(Provided data Opens)

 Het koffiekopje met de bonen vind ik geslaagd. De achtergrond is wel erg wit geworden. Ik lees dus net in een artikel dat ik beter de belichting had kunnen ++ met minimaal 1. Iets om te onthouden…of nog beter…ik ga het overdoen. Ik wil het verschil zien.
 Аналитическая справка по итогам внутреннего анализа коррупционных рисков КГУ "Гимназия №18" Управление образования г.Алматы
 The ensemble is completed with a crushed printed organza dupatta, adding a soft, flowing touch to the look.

(Provided data Closes)
(Provided data Opens)

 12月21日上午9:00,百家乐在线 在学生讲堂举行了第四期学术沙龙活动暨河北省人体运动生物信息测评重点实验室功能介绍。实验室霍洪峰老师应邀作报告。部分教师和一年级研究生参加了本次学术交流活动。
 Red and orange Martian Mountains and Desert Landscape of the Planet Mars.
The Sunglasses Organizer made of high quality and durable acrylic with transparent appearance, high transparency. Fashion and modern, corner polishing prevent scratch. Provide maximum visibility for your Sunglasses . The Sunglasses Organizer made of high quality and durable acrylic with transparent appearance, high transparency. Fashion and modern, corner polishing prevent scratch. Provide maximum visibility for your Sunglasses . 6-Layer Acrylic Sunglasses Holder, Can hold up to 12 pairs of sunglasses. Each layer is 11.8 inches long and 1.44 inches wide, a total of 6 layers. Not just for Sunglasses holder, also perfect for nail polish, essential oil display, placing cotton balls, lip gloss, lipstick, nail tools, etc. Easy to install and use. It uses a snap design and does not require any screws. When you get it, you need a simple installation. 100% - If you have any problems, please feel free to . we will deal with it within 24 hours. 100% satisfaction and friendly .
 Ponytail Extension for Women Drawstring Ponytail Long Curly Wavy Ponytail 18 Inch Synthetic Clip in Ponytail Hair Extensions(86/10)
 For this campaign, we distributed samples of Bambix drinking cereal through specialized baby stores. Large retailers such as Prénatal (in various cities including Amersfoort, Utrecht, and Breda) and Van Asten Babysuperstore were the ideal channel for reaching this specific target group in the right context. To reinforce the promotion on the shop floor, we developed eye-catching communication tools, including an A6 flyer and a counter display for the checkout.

(Provided data Closes)

Above are the lines; repeat exactly the ones from the line containing "Het koffiekopje met" down to the line containing "The ensemble is", both inclusive.

Result below:
 Het koffiekopje met de bonen vind ik geslaagd. De achtergrond is wel erg wit geworden. Ik lees dus net in een artikel dat ik beter de belichting had kunnen ++ met minimaal 1. Iets om te onthouden…of nog beter…ik ga het overdoen. Ik wil het verschil zien.
 Аналитическая справка по итогам внутреннего анализа коррупционных рисков КГУ "Гимназия №18" Управление образования г.Алматы
 The ensemble is completed with a crushed printed organza dupatta, adding a soft, flowing touch to the look.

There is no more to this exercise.